* _Work task_
Please write out every line of the listing without alteration, but omit the images.

* _Data below_

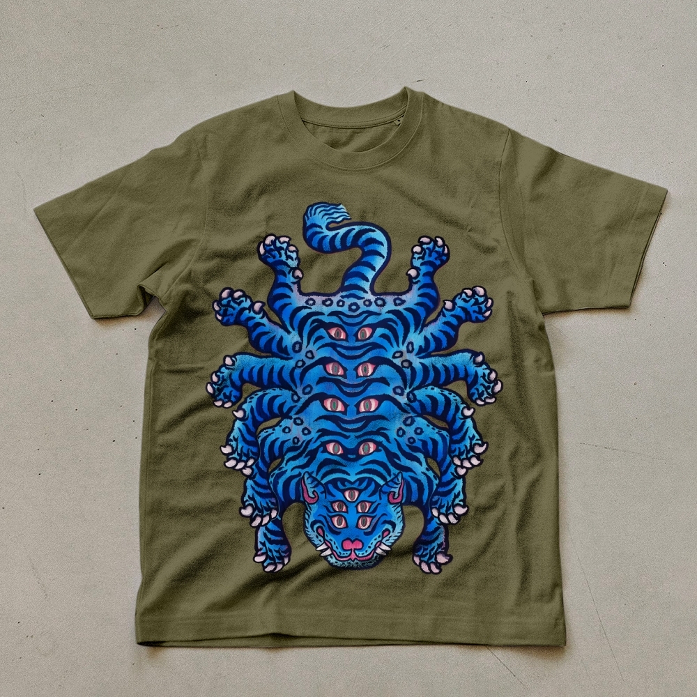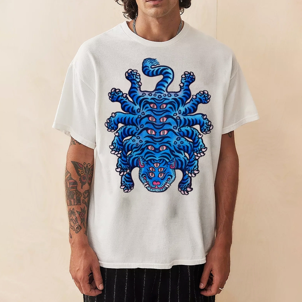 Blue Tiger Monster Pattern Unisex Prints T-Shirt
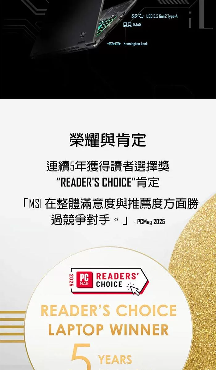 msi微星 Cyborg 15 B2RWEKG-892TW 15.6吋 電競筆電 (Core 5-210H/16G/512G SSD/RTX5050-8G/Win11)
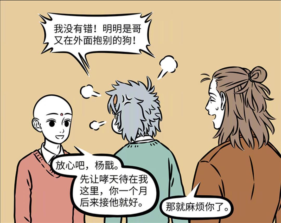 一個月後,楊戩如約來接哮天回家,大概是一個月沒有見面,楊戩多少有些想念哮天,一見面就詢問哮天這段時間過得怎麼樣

* _Task response_
 Blue Tiger Monster Pattern Unisex Prints T-Shirt
 msi微星 Cyborg 15 B2RWEKG-892TW 15.6吋 電競筆電 (Core 5-210H/16G/512G SSD/RTX5050-8G/Win11)
 一個月後,楊戩如約來接哮天回家,大概是一個月沒有見面,楊戩多少有些想念哮天,一見面就詢問哮天這段時間過得怎麼樣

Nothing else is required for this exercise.